# ASSIGNMENT
Without including any pictures, reproduce all the lines below word for word.

# EXTRACTED INFORMATION
________________________________________

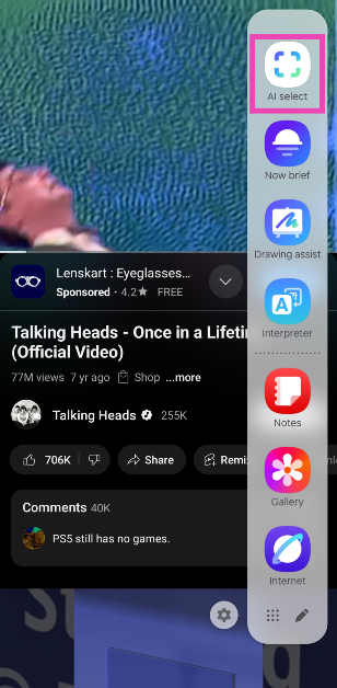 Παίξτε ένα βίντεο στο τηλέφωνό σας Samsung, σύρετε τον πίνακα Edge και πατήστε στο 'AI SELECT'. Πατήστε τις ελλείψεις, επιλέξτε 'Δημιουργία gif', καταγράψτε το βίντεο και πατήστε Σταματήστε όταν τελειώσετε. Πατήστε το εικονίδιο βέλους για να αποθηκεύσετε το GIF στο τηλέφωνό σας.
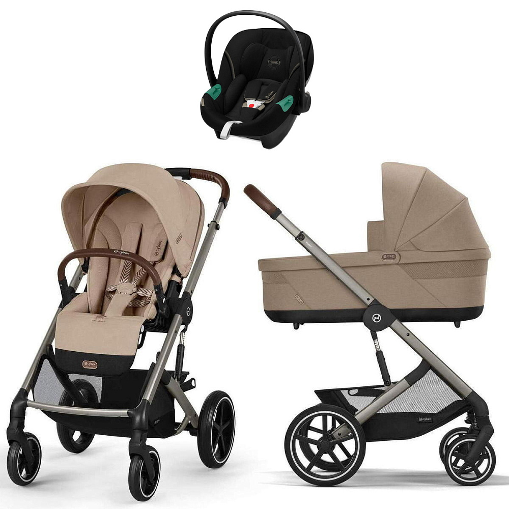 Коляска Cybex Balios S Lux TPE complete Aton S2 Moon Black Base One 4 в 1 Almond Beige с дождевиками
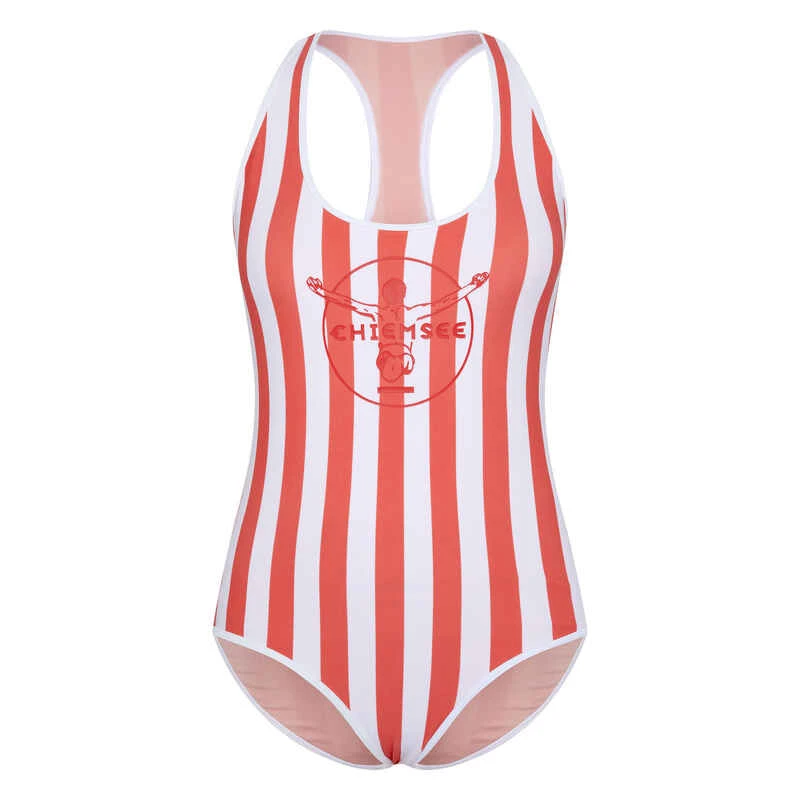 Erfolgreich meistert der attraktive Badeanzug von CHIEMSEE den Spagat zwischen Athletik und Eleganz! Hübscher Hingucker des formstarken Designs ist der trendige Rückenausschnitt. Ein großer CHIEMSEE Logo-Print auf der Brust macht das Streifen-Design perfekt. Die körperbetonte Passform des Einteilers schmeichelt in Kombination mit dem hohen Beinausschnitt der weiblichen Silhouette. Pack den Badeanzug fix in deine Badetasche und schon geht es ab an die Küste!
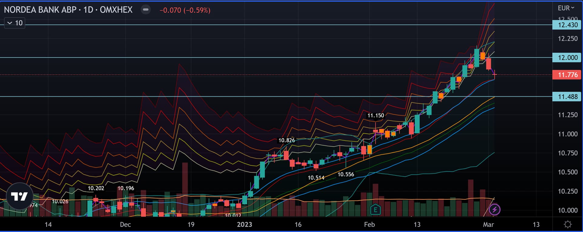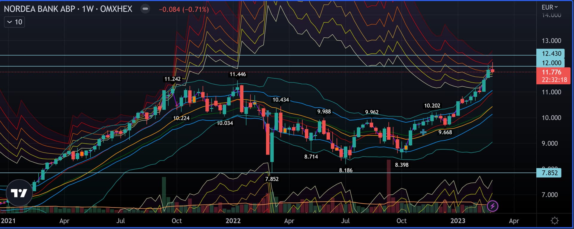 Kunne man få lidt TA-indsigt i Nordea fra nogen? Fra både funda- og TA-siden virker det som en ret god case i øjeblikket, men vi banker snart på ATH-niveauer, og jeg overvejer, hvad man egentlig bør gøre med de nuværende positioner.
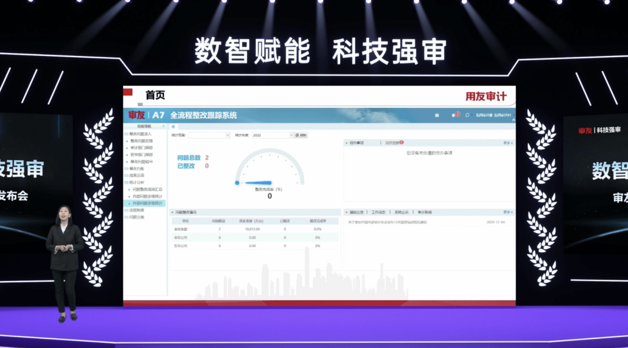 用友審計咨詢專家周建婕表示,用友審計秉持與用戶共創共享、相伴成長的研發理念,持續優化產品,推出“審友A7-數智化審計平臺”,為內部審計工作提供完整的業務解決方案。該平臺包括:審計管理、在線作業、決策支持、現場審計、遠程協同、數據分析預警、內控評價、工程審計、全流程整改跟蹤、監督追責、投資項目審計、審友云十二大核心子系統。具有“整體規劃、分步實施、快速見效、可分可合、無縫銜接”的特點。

________________________________________

# RESPONSE TO THE EXERCISE
 Παίξτε ένα βίντεο στο τηλέφωνό σας Samsung, σύρετε τον πίνακα Edge και πατήστε στο 'AI SELECT'. Πατήστε τις ελλείψεις, επιλέξτε 'Δημιουργία gif', καταγράψτε το βίντεο και πατήστε Σταματήστε όταν τελειώσετε. Πατήστε το εικονίδιο βέλους για να αποθηκεύσετε το GIF στο τηλέφωνό σας.
 Коляска Cybex Balios S Lux TPE complete Aton S2 Moon Black Base One 4 в 1 Almond Beige с дождевиками
 Erfolgreich meistert der attraktive Badeanzug von CHIEMSEE den Spagat zwischen Athletik und Eleganz! Hübscher Hingucker des formstarken Designs ist der trendige Rückenausschnitt. Ein großer CHIEMSEE Logo-Print auf der Brust macht das Streifen-Design perfekt. Die körperbetonte Passform des Einteilers schmeichelt in Kombination mit dem hohen Beinausschnitt der weiblichen Silhouette. Pack den Badeanzug fix in deine Badetasche und schon geht es ab an die Küste!
 Kunne man få lidt TA-indsigt i Nordea fra nogen? Fra både funda- og TA-siden virker det som en ret god case i øjeblikket, men vi banker snart på ATH-niveauer, og jeg overvejer, hvad man egentlig bør gøre med de nuværende positioner.
 用友審計咨詢專家周建婕表示,用友審計秉持與用戶共創共享、相伴成長的研發理念,持續優化產品,推出“審友A7-數智化審計平臺”,為內部審計工作提供完整的業務解決方案。該平臺包括:審計管理、在線作業、決策支持、現場審計、遠程協同、數據分析預警、內控評價、工程審計、全流程整改跟蹤、監督追責、投資項目審計、審友云十二大核心子系統。具有“整體規劃、分步實施、快速見效、可分可合、無縫銜接”的特點。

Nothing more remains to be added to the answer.